■ **The input**:
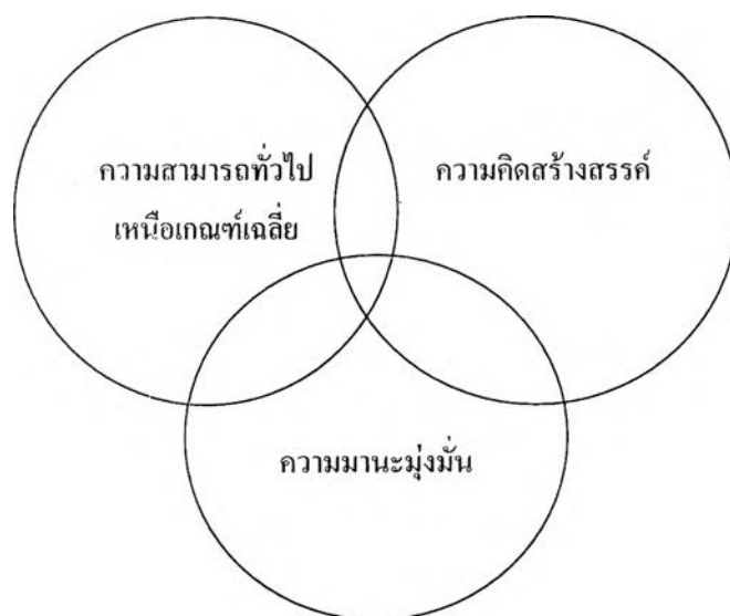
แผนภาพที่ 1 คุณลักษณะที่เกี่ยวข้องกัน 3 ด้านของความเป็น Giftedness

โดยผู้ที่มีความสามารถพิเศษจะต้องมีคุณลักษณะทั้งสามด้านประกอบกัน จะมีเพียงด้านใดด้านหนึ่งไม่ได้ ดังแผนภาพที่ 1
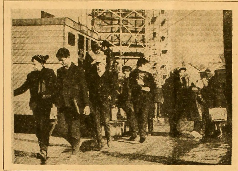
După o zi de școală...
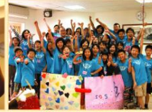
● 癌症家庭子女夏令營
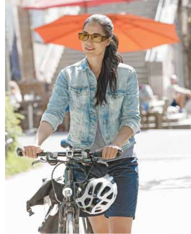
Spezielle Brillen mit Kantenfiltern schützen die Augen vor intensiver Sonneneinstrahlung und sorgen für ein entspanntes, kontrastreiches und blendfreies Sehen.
...
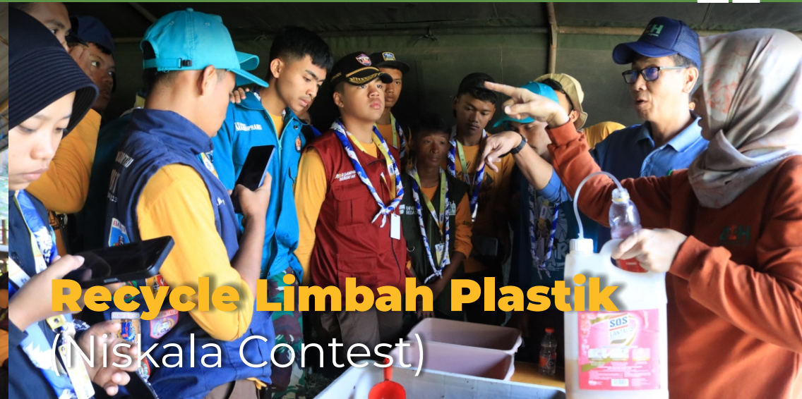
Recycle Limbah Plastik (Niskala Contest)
--
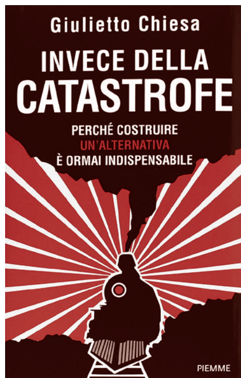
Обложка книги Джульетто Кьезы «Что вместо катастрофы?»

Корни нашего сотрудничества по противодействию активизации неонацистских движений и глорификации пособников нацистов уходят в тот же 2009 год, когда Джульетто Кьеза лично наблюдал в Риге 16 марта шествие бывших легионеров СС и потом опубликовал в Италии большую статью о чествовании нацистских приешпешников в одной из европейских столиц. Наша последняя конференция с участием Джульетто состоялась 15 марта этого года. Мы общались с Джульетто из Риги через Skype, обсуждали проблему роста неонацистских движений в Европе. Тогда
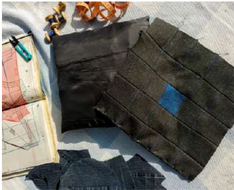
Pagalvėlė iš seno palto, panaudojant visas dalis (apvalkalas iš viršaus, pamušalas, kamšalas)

■ **Task prompt**:
Using the entries above, transcribe every line from the line containing "Обложка книги Джульетто" through the line containing "Pagalvėlė iš seno". Do not copy pictures.

■ **Task result**:
Обложка книги Джульетто Кьезы «Что вместо катастрофы?»

Корни нашего сотрудничества по противодействию активизации неонацистских движений и глорификации пособников нацистов уходят в тот же 2009 год, когда Джульетто Кьеза лично наблюдал в Риге 16 марта шествие бывших легионеров СС и потом опубликовал в Италии большую статью о чествовании нацистских приешпешников в одной из европейских столиц. Наша последняя конференция с участием Джульетто состоялась 15 марта этого года. Мы общались с Джульетто из Риги через Skype, обсуждали проблему роста неонацистских движений в Европе. Тогда
Pagalvėlė iš seno palto, panaudojant visas dalis (apvalkalas iš viršaus, pamušalas, kamšalas)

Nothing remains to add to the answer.